Ob bei der Versorgung mit Elektrizität, Wasser oder Lebensmitteln, beim Transport oder im Gesundheitswesen: Die Funktionsfähigkeit kritischer Infrastrukturen entscheidet über die Verfügbarkeit von lebenswichtigen Gütern und Dienstleistungen. Seit einigen Jahren steigt die Gefahr von Cyberattacken, bei denen nicht nur Daten missbraucht, sondern ganze Systeme lahmgelegt werden. In einem dezentralen Energiesystem, das vor allem regenerative Quellen nutzt, können zudem der Ausfall einzelner Komponenten sowie die zeit- und witterungsbedingt schwankende Einspeisung die Versorgungssicherheit gefährden.
Wie sich Energiesysteme und andere kritische Infrastrukturen nachhaltig und zugleich widerstandsfähig gestalten lassen, erforscht die Arbeitsgruppe „Resiliente und Smarte Infrastruktursysteme – Resis“ unter Leitung von Dr. Sadeeb Simon Ottenburger und Wolfgang Raskob am Institut für Thermische Energietechnik und Sicherheit des KIT. Auf der Hannover Messe 2022 vom 30. Mai bis 2. Juni ist das Team in Halle 2, Stand B40 vertreten.
Umgang mit Unsicherheit
„Die bereits stattfindende Planung zukünftiger kritischer Infrastrukturen muss neue systemische Risiken und große Unsicherheiten systematisch berücksichtigen und insbesondere negative Auswirkungen einzelner oder mehrerer Ereignisse auf die Gesellschaft verstehen“, sagt Ottenburger. Bezogen auf die Energieversorgung bedeutet dies beispielsweise, dass mit der Energie- und Mobilitätswende das Stromnetz immer wichtiger wird. Dieses wiederum hängt von Informations- und Kommunikationsnetzen ab.
Wie sich die aus neuen Netzstrukturen entstehenden Gefahren sowie Randbedingungen, beispielsweise die Folgen der Erderwärmung, die Bevölkerungsstruktur oder die Nachfrage nach Strom, Wärme und Verkehr, in Zukunft entwickeln werden, lässt sich jedoch schwer vorhersagen. Die Forschenden um Ottenburger und Raskob untersuchen daher, wie robuste Lösungen unter großen Unsicherheiten aussehen können. Gearbeitet wird mit Simulationsmodellen, Künstlicher Intelligenz, Mathematik und Erkenntnissen aus den Sozial- und Wirtschaftswissenschaften. Zentral ist dabei eine Plattform, die Belastungsszenarien unter verschiedenen Randbedingungen simuliert und erlaubt, Wechselwirkungen zwischen verschiedenen Teilsystemen und damit systemischen Risiken zu analysieren.
Microgrids für lebenswichtige Einrichtungen
Um die Resilienz der Energieversorgung zu erhöhen, lassen sich beispielsweise Microgrids integrieren.
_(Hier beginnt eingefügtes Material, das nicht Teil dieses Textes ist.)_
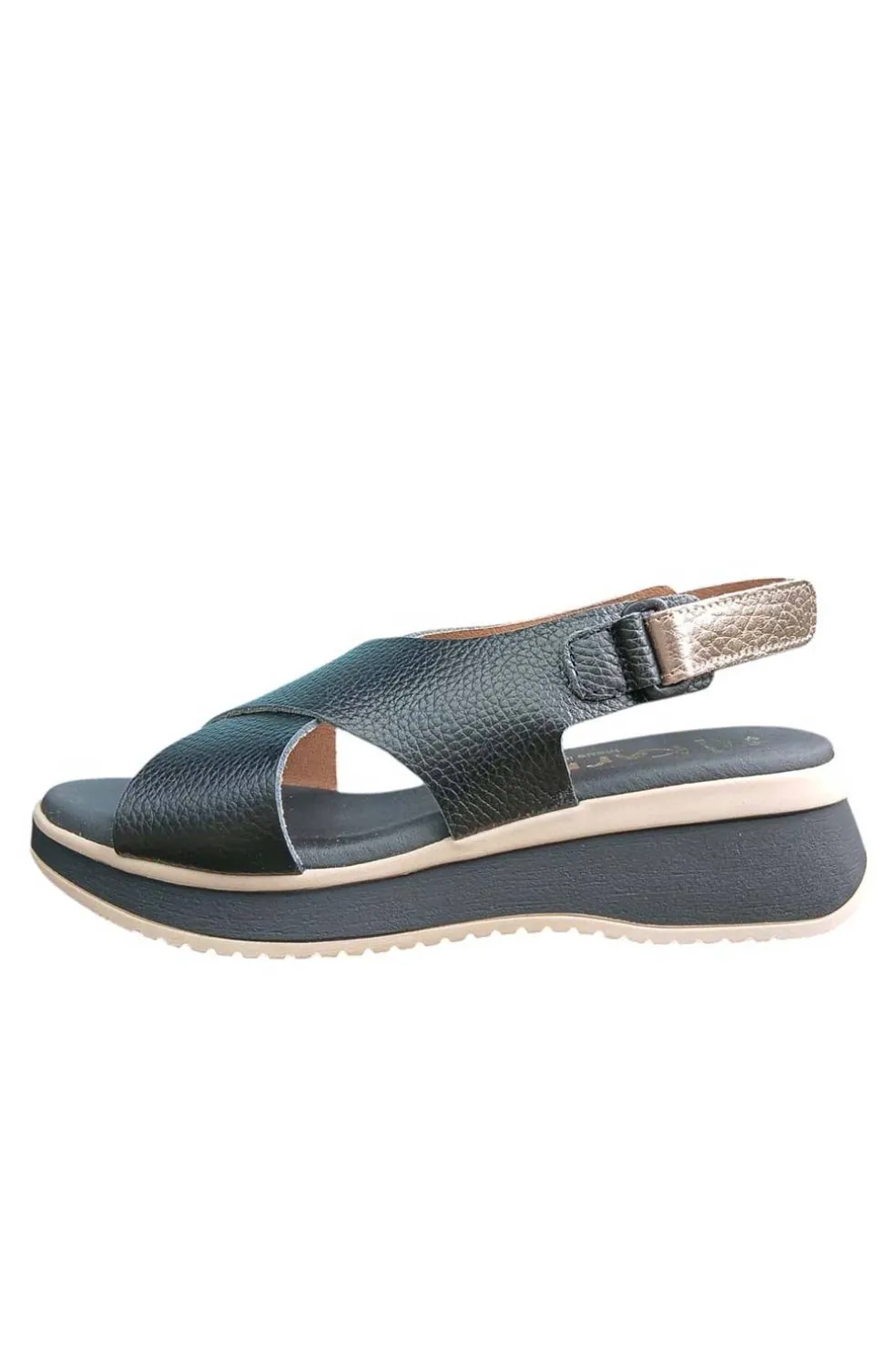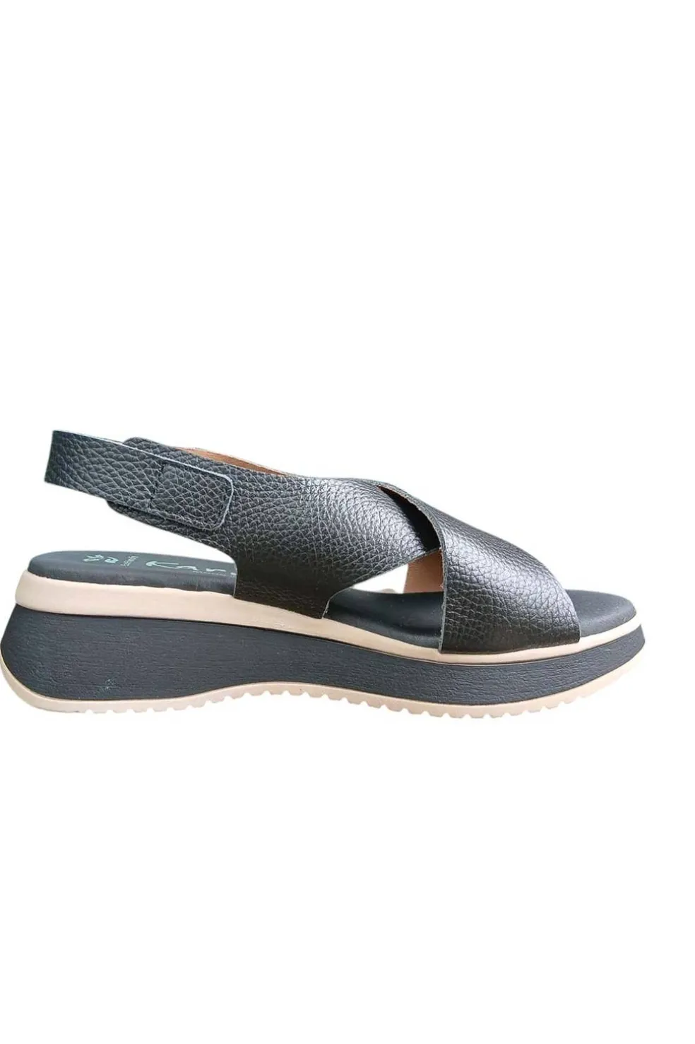 Sandalia de mujer fabricada en piel. Diseño con dos tiras cruzadas en color negro, suela bicolor. Plantilla de gel y su cuña de 4,5 cm.

Dabei handelt es sich um viele kleine intelligente Energiezellen, die nicht nur eine netzstabilisierende Funktion erfüllen, sondern auch vorübergehend autonom funktionieren. So lassen sich kritische Infrastrukturen wie Krankenhäuser, Apotheken und Feuerwehren auf verschiedene Microgrids verteilen. Standorte und Auslegung von Speicher- und Verteilinfrastrukturen sind mit entscheidend, um in kritischen Phasen eine autarke Versorgung zu gewährleisten. „Diese präventiven Designstrategien greifen bereits bei einem Brownout, also einem Spannungsabfall, beispielsweise aufgrund eines Strommangels auf der Übertragungsnetzebene, um einen Blackout zu verhindern“, erklärt Ottenburger.
Neben den technischen Faktoren binden die Forschenden um Ottenburger und Raskob zunehmend auch soziale Aspekte in ihre Resilienzforschung ein. Kritische Infrastrukturen sind auf das Vertrauen der Bevölkerung angewiesen, präventive Strategien bedürfen der gesellschaftlichen Akzeptanz. Wenn Ressourcen knapp werden, ist von Verbrauchern Flexibilität gefordert, beispielsweise während einer langanhaltenden europäischen Dunkelflaute, wenn weniger Strom aus regenerativen Quellen bereitgestellt werden kann, sich Energiespeicher leeren oder Ressourcen aufgrund von Cyberattacken nicht mehr verfügbar sind.